Last December, an Iowa federal district court came out with a decision on the “John Edwards gambit” (Watson v. United States, 107 A.F.T.R.2d 311 (IA D.C. 2010)) TaxProf blog coverage here and here.] Some musings:
In Watson, the taxpayer formed an S corporation of which he was the sole shareholder. The S corporation was a partner in an accounting firm partnership. The other partners were also one-person S corporations. In 2002, Watson’s S corporation received profit distributions of $203,651 from the the partnership. In 2003, it received $175,470 in profit distributions. In each of those years, the S corporation paid Watson a salary of $24,000 per year, let the balance of the income “flow through” as nonwage income, and paid it to Watson as a dividend. The court concluded that Watson’s salary and dividend payments were an effort to avoid federal employment taxes, and that the dividends paid to Watson were remuneration for services performed. Interestingly, the court did not conclude, at it might have, that the dividends paid were income for services and subject to federal employment taxes. As expert witness testified that fair market value of Watson’s services for the years in question was about $91,044 per year, and only the difference between that amount and $24,000 was held to be subject to federal employment taxes, interest, and penalties.

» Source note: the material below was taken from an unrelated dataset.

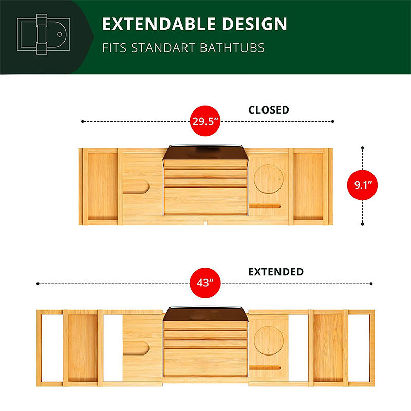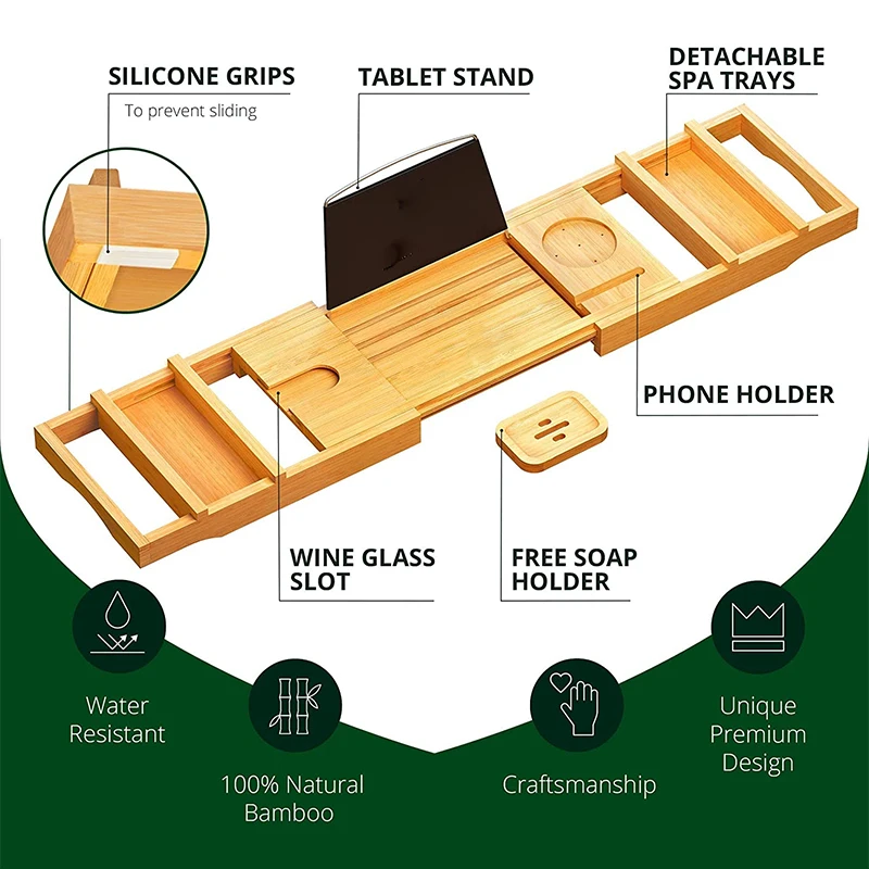 Homex 1-2 Person Bamboo Bathtub Caddy Tray with Wine Book Holder Free Soap Dish Extending Sides-Bathroom Sets Trusted Supplier

Watson does not sound the death knell to the John Edwards technique. Iowa federal district courts are not the last word on tax matters. The salary the taxpayer took, while not de minimis, was quite small. Finally, and most importantly, the court looked not to the income generated by the taxpayer’s services in calculating his employment income, but rather what a third-party expert said the value of his services were worth. A significant amount of income generated by the taxpayer’s services, about $110,000 in 2002 and about $85,000 in 2003 still avoided employment taxes.
In some ways, the court’s holding provides an additional incentive to use the technique. The court’s holding permits significant amounts of income earned through services to avoid federal employment taxes, taxpayers just cannot be too greedy. Query whether it would be worth it to the Service to litigate a case where salaries equal to the social security tax maximum were paid, since it is more likely that the fair market value of services will be relatively close to such a number. Note that under the Court’s reasoning in Watson at issue is not the fair market value of the taxpayer’s own services, but those of an average, similarly situated taxpayer, whose services might be worth less than that of a given taxpayer’s. Indeed, that allegedly is what John Edwards did. According to the New York Times, he took a salary of $360,000 per year on income over 4 years of $27 million. The salary was supposedly based on what the average personal injury lawyer earned in North Carolina. Under the Iowa court’s reasoning, his approach would have survived challenge.
At this point, the future of the technique is uncertain. The Iowa court keeps the door open, indeed may open it wider, for those taking substantial salaries. However, another court might conclude that all the income is federal employment income, which would disallow the technique entirely. Further, there is a bill pending in Congress which would largely also shut this technique down.
The Health Care and Education Affordability Reconciliation Act of 2010, starting on January 1, 2013, applies an additional .9% Medicare tax on earned income exceeding certain thresholds (generally these thresholds are $250,000 if married, filing jointly, and $200,000 for single taxpayers). (The Act’s 3.8% tax on net investment income should not apply to “dividends” as S corporation shareholder receives.) The .9% tax should provide an additional incentive to use the technique.